00:16:09.500 | So, here I added a few things. I added a PDF of Andrew Ning's newsletter, The Batch. I added the
00:16:17.740 | Wikipedia page for OpenAI. And I added the YouTube from Swix and Alessio's, you know, the Four Wars Latent
00:16:24.860 | Space Podcast. So, I added all that and I uploaded it into this Knowledge Graph Builder. And when I do
00:16:33.100 | that, it creates if -- let's see here. I knew the Ethernet connection was going to do it. It automagically
00:16:42.380 | I created a little Knowledge Graph. If it renders -- wait for it. It says one minute here.
00:16:50.620 | So, it better render pretty soon. All right. Let me do this again. Please work.
00:17:00.220 | And I was like trying to keep it alive in the -- in the thing, too. All right.
00:17:18.700 | Okay. Let's see. I think we are here. And then it says show me a graph. And it's not going to show me the
00:17:36.940 | graph. Oh, yeah, it will. Come on. You can do it. All right. Yes.
00:17:45.180 | So, what we have here -- check this shit out. I would love to sit here and just drink in your applause,
00:17:51.340 | but we need to look at this data. So, check this out. This is the document, the Four Wars document.
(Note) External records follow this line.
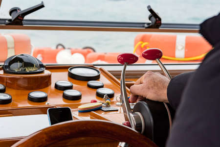 Skipper on deck driving boat steering ship in rough seas with huge waves during storm.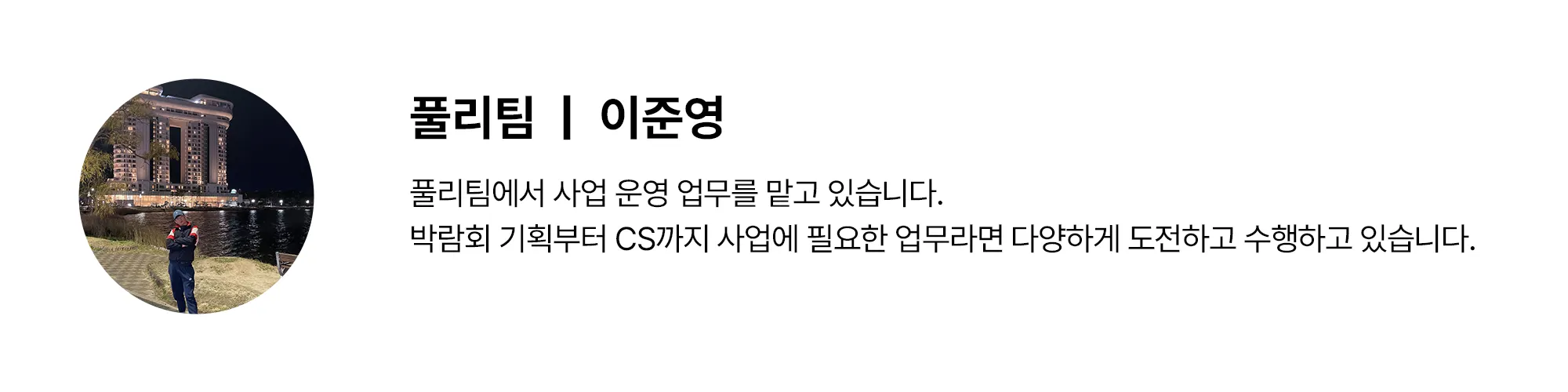 처음에는 부스에 사람이 너무 적어 박람회 운영이 의미 없게 되면 어쩌나 걱정도 했지만, 결과적으로 고관여 관람객에게는 한층 더 깊고 특별한 경험을 제공했고, 우리는 목표를 훌쩍 뛰어넘는 성과를 달성할 수 있었습니다. 그렇다면 이번 풀리캠퍼스 부스를 어떻게 운영했고, 어떤 결과를 얻었을까요? 함께 살펴보시죠.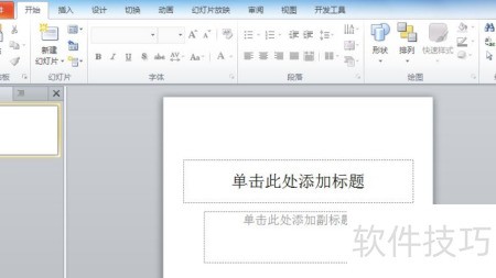 1、 启动PPT程序并新建一张幻灯片。
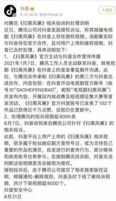近騰訊與抖音就長、短視頻版權(quán)問題“握手言歡”,雙方宣布“將盤繞長短視頻聯(lián)動推行、短視頻衍生創(chuàng)作展開協(xié)作!边@一舉措,惹起了社會的普遍關(guān)注與討論。被看做是“長短視頻之爭的一個(gè)“新拐點(diǎn)”。 很多網(wǎng)友慨嘆“早該如此”,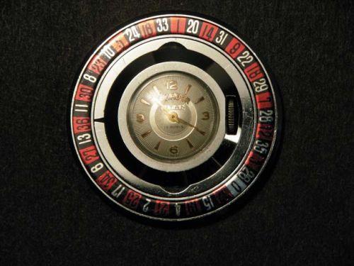 Roulette wheel pocket watch - outer wheel spins #'s on both sides - 15 rubies - Ganador Titan Manufacturing, circa 1950, 1.75" diameter.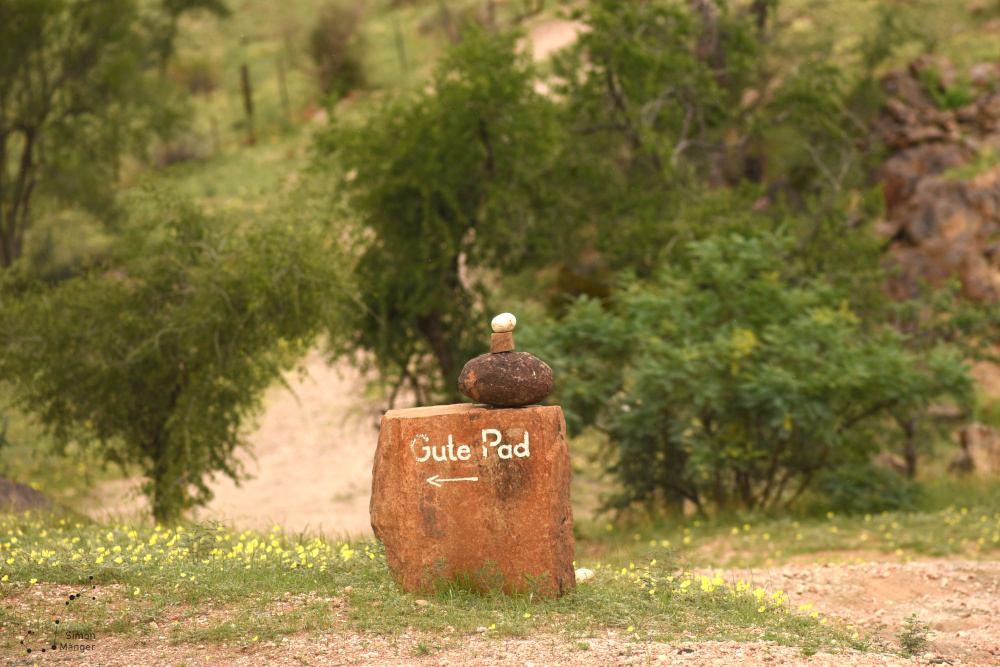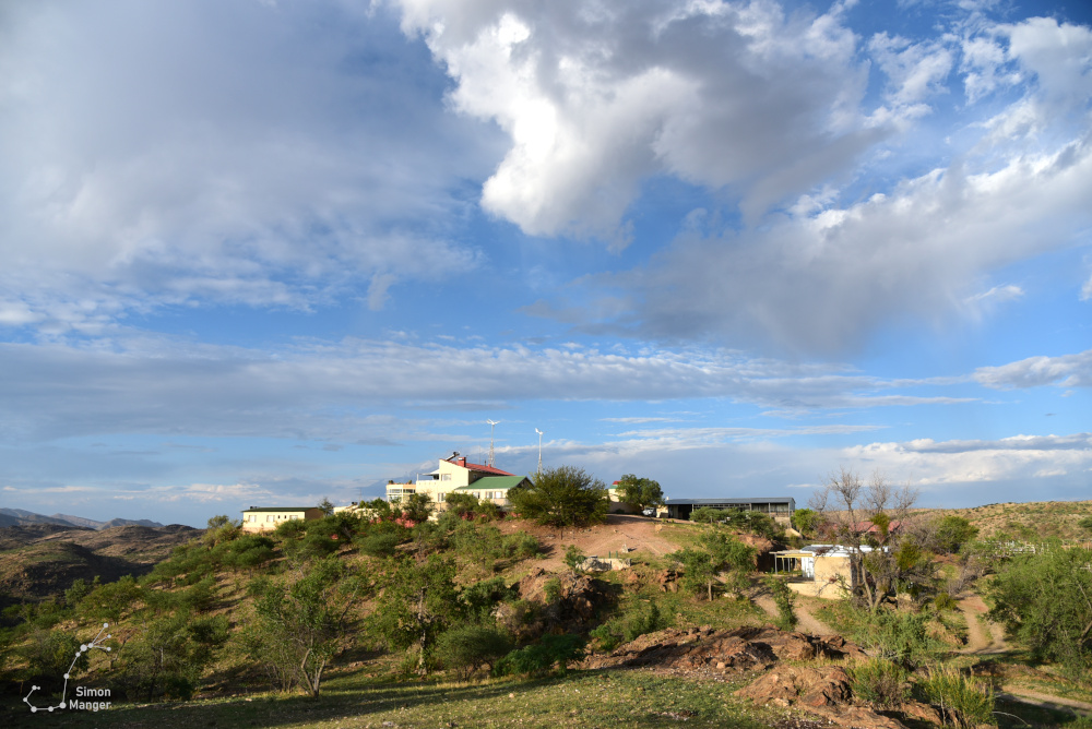 Während der Fahrt gab es einiges zusehen. Schon von Weitem zeigten sich der große und der kleine Gamsberg. Ersterem sollte ich im weiteren Verlauf meines Aufenthaltes noch einen Besuch abstatten. Von der Straße aus ließ sich zudem ein Blick auf die HESS-Teleskope werfen, bei denen es sich um ein System aus fünf offen gebauten Tscherenkow-Teleskopen handelt. Diese beobachten am Nachthimmel verschiedene Gammastrahlen-Quellen, wobei diese genau genommen die in der Atmosphäre entstehenden Tscherenkow-Strahlung detektieren. Nachdem das Tor zur Farm erreicht war, ging es über eine schmale Pad direkt zum Gästehaus.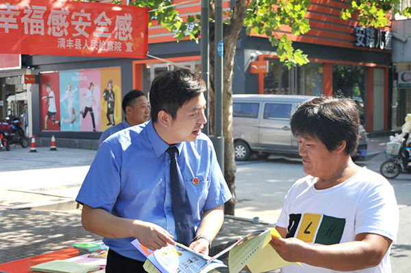 扫黑除恶专项斗争开展以来,清丰县人民检察院高度重视、积极安排部署。为扩大扫黑除恶专项斗争影响、鼓舞群众积极参与,2018年8月28日,院党组书记、检察长王克臣带领部分班子成员及党员干警一行来到金桥商业街、清华社区开展扫黑除恶专项斗争集中宣传活动,增强人民群众对扫黑除恶专项斗争工作的认同感,全力提升群众的安全感和满意度。

00:17:57.100 | Here are the various chunks. And then you can take a chunk and you can expand that. This, I put in the
00:18:02.700 | the embedding. And you can -- I'll zoom out here. And you can see that it takes the logical concept
00:18:12.060 | elements out of that chunk. Right? Machine learning. They talk about something that is developed in a
00:18:17.340 | similar fashion. I don't even know. There's some company there. Right? And you get that entire graph
00:18:23.180 | of all this information. On top of that, I really don't have time to show it. But there's also -- I really
00:18:30.540 | don't have time to show it. There's a chat bot in here that you can use. And you can introspect the
00:18:35.660 | result that gets back. I'll -- one more second. Take up your phones. If you think this looks cool,
00:18:41.740 | take a photo of this QR code. And you're going to have an amazing landing page where you have access to
00:18:48.460 | all of this information. You can get up and running yourself. Thank you for the additional minutes.
00:18:52.620 | Thank you, Emil. Thanks, Emil. Thanks, everyone, for paying attention.
00:19:02.940 | Thank you, Emil. Thanks, everyone. Thanks, everyone. Thanks, everyone.